Also, (2011)
I have no idea what the website would look like without it, but I have a feeling it does more good than harm.
(Or when the auto-renamer does a funny!)
[1]: Example from the frontpage right now: "How Big Are Factorials?" probably got normalized to "Big Are Factorials?" originally, based off other previous manglings I have seen previously.
It’s a classic example of Goodhart’s Law in action. Code coverage metrics only measure what percentage of code the test suite causes to run. But it’s very, very easy to write tests that run code without actually confirming that it produces correct output for all possible inputs. And it’s very, very easy to assume that a module with 90+% code coverage also has 90+% behavior coverage, and then become complacent about reviewing the suite for proper behavior coverage.
It already is, ive banned unit tests via ci checks from our codebases, they were not particularly useful before LLMs and now they are a net negative.
We require int and some e2es and that does all that units do and more.
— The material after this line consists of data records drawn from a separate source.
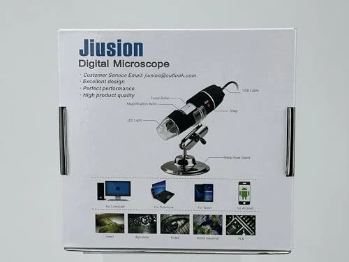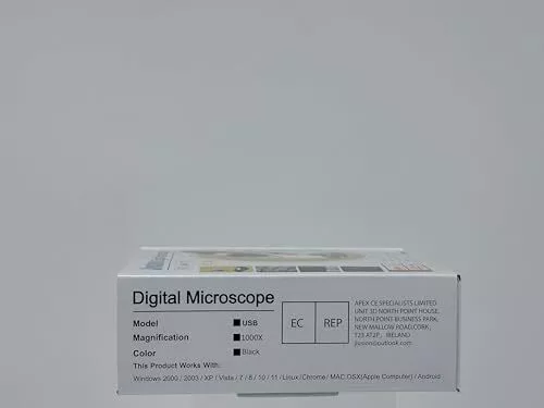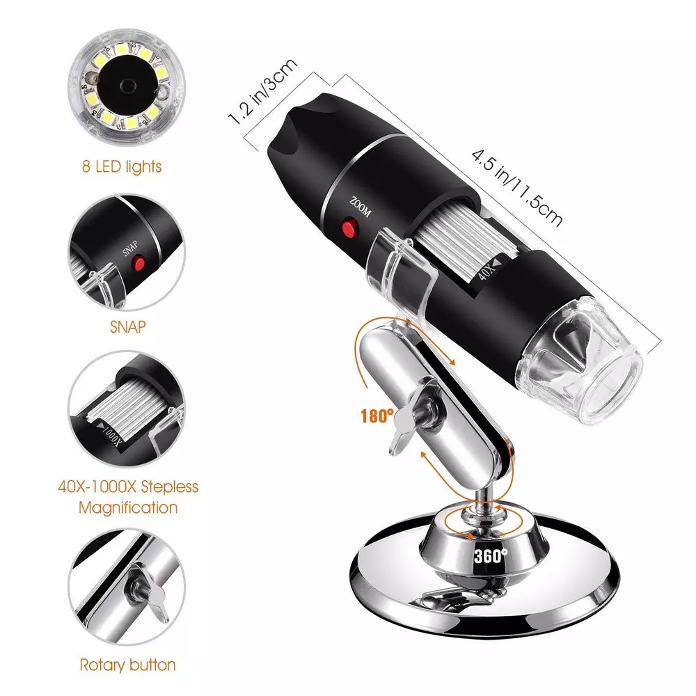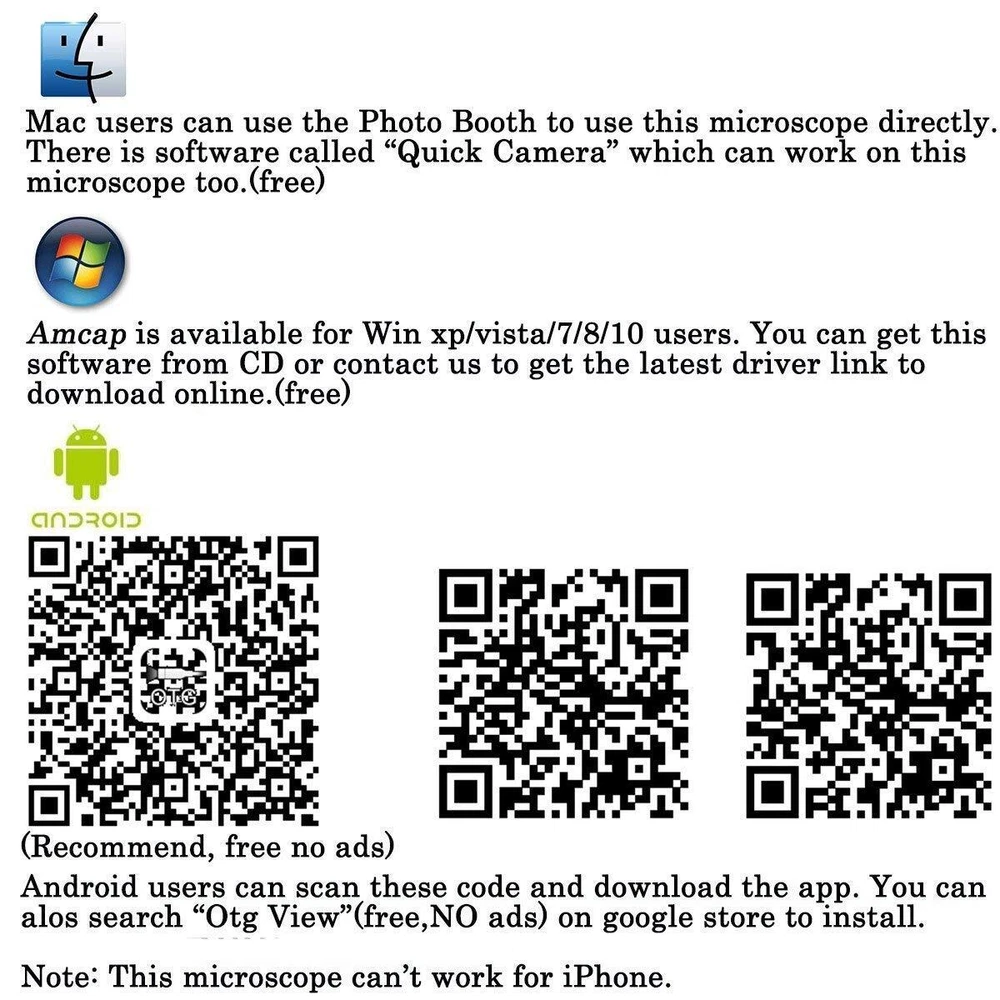 Note: Focus Wheel can be used on ALL devices. But SNAP and ZOOM button can only be recognized on Windows system as the software was written by our company, and android APP (mac system doesn’t need software) is common in the market so it can’t recognize the SNAP and ZOOM command. Window User Amcap is a professional window software designed for window xp/vista/7/8/10/11. You can get the package from CD or contract us for the downloading link. Mac User Mac users can use the Photo Booth to use this microscope directly. There is software called “Quick Camera” which can work on this microscope too. Android User Please scan the code above or search “OTG Viewer” on google play to get the app installation. Chrome OS This microscopes can be used with the default Camera app that comes with Chrome. Linux Raspberry Pi: Working with the current version of Raspbian Jessie. Parameters: Focus Range: from 1mm to 90mm Frame Rate: Max 30f/s under 600 Lux Brightness Magnification Ratio: 40x to 1000x Video format: AVI Photo format: JPEG or BMP Light source: 8 LED (adjustable by control wheel) PC interface: USB2.0 Power source: 5V DC from USB port Compatible with: Windows 7 8 10 11/Vista/XP/2000, Mac OS X 10.5 or above, some of Android mobiles, Linux, Chrome(not supported for iPhone/iPad) Bundle software: CoolingTech with measurement & calibration function System Requirement Pentium Computer with 700M Hz &Above, 20M HD Space CD ROM Measure Tool: Micro-Measure (It can measure Length and diameters, angle, the perimeter, area, etc on Windows) Color: Black Package including: 1x USB/MicroUSB 2in1 Microscope 1x Type C adapter 1x Metal Tripod 1x CD Driver 1x Ruler 1x Instruction portable magnification is a useful and funny microscope for students, engineers, inventors, and others who need to magnify and explore the micro things. Be compatible with Mac, Windows XP Vista 7 8 10 11, Linux and Chrome OS. This microscope isn't compatible with iPhone/iPad. This magnification only support Android smartphone which has OTG function.(How to Check OTG? Download the free app”USB OTG Checker”) Built-in 8 LED lights, digital microscope’s 2 adjusting knob can change the focus and brightness. Connected to the devices, you can use the software to record the micro world, capture screenshot and record video. Besides you can use the Windows software’s measurement function to measure the least bit.
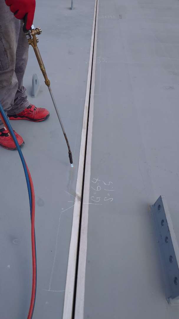 本日は 溶接を行う前段階の鋼床板と鋼床板の段差を無くす 目違調整を行っております。
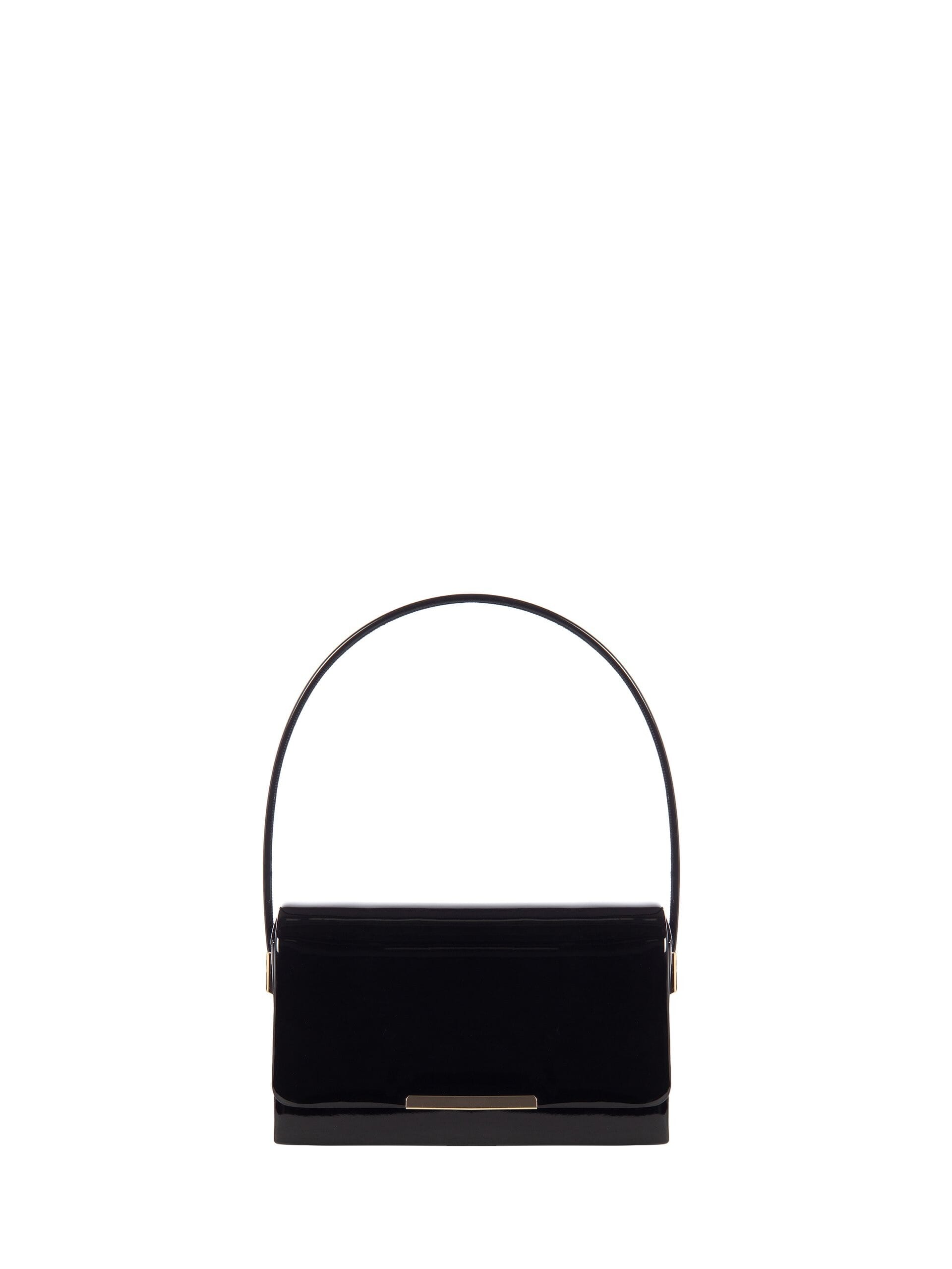 Mini shoulder bag with a compact silhouette in glossy patent leather that enhances every movement. Structured flap with metal insert and slim handle that stays elegant on the wrist. Perfect for parties, ceremonies and evenings when you carry only the essentials.
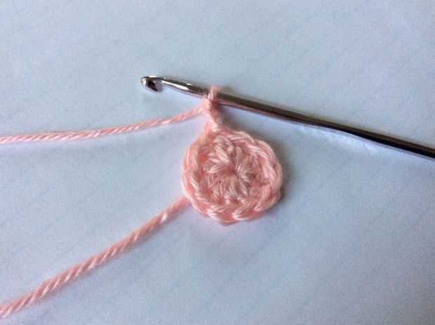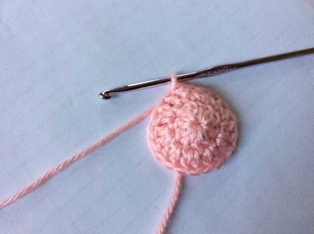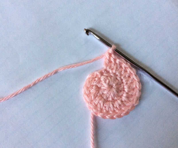 Cadena 2, un DC en el punto siguiente, como se muestra en la figura, 2 DC en cada puntada alrededor. SL st al principio DC y sujete apagado su primer color.
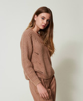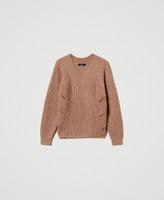 Pull de la collection Actitude avec finition côtelée et torsades. Il présente une encolure en V, des manches longues et une coupe fluide.
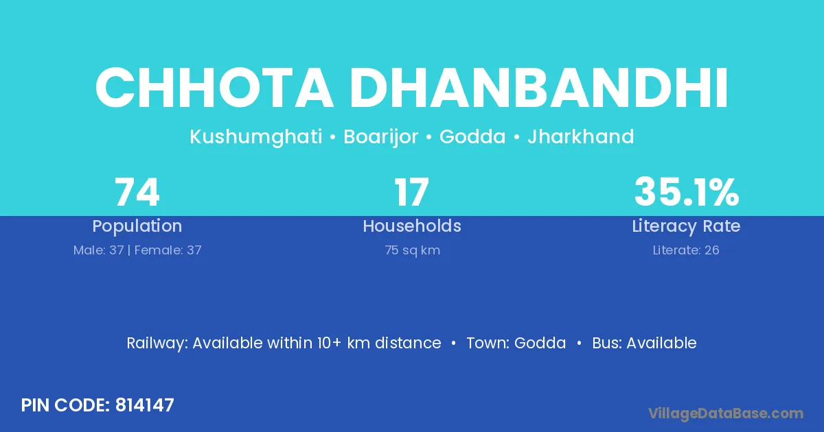 Chhota Dhanbandhi village has a total population of 74 people, of which 37 are males and 37 are females.

For Rust there's https://crates.io/crates/cargo-crap, and for Go there's https://padiazg.github.io/go-crap/
The one that tech tends to stumble on most often is velocity-type metrics. The problem there is that you can’t pay the bills with velocity. And velocity metrics tend to favor cheap shovelware features that cohere poorly over anything that involves having the team slow down on churning out code long enough to work out elegant solutions to subtle problems.
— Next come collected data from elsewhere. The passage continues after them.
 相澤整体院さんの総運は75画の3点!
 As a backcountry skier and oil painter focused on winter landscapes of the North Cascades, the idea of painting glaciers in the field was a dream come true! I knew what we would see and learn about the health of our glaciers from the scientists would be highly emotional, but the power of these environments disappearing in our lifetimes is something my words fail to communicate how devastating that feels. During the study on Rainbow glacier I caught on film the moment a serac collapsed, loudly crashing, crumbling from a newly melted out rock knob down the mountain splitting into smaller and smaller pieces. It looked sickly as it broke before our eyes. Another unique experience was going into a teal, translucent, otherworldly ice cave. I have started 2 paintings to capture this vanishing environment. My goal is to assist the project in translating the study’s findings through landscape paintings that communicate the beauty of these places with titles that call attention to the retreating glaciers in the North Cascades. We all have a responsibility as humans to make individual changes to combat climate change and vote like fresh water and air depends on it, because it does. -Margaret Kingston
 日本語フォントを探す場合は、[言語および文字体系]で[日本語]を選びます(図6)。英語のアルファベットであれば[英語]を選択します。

This reminds me of a talk Sandi Metz did called "All the Little Things" where she covers the Gilded Rose kata. In the talk, she reworks her solution until there's almost nothing left showing the essence of the problem being solved.
The cyclomatic complexity metric is touted at each step as a proxy for goodness of design and removal of complexity. However, a weakness of the measure itself is that it doesn't account for the control flow indirection that happens through OO method dispatch itself.
At the same time, Kevlin Henney's talk called "Gilding the Rose" takes the same kata and arrives at a far more sane solution he works up to and reveals at the end.
Short functions used to be hot. Uncle Bob used to proselytize "The first rule of functions is that they should be short. The second rule of functions is that they should be shorter than that." Now emphasizing the benefits of longer functions is pretty trendy. https://github.com/johnousterhout/aposd-vs-clean-code
This industry is pretty idiotic sometimes ¯\_(ツ)_/¯
As I recall, he concluded that there’s really no support for then-popular ideas like short functions, reducing cyclomatic complexity, avoiding explicit branch statements and loops, or TDD. (Tests yes, just not TDD.)
He made a pretty strong case that only two principles are particularly robust. One was that limiting code volume is good. The other is that working people too hard is bad.
What We Know We Don’t Know • Hillel Wayne. (2019, April 28). Hillel Wayne. https://www.hillelwayne.com/talks/what-we-know-we-dont-know/
Every indirect call is a conditional branch, where the condition can be arbitrarily far away in time and space.
Amen, it’s hard to push back against an opaque term (cyclomatic!) when it isn’t really a measure of goodness, it’s a measure of branching, kind of a normal thing in code.
Early on I found that code with low cyclomatic complexity was just usually extremely verbose, lots of passing this to that while avoiding the branching necessary to get something done.
And yes, you can game the metric by hiding the complexity among the confusion of objects and components.
Something like abstractions traversed during interpretation, lines of abstraction v.s. functional implementation, or logic statement dispersion.
It was hard to pin down what was abstraction vs. implementation, but it's much easier now.
The reductio ad absurdum here is that, if abstraction can just be assumed to be bad for quality and maintainability, then perhaps we should go back to hand writing machine code for non-microcoded sequential execution CPU architectures. Conversely, if that idea sounds as preposterous to you as it does to me, then you’re stuck conceding that at least some abstractions are mostly good. So then, before you can automate deciding which ones should and should not count against a code quality metric that’s computed automatically, you need to find an operational definition that can be applied deterministically.
Mild as this ironic passive aggressiveness is, can't imagine something like this in modern sterile corporate messaging.
and
> Here’s why we think that CRAP1 is a good anti-pattern to detect. Writing automated tests (e.g., using JUnit) for complex and convoluted code is particularly challenging, so crappy code usually comes with few, if any, automated tests.
This is so wrong.
The formula uses code coverage as a fundamental metric, when in reality, a lot of people write code "correct from construction", so coverage is not even applicable. Many times too, people only care the use cases they care about work perfectly.
There are also many other reasons code is not tested, not because it's complex, but because it's simple.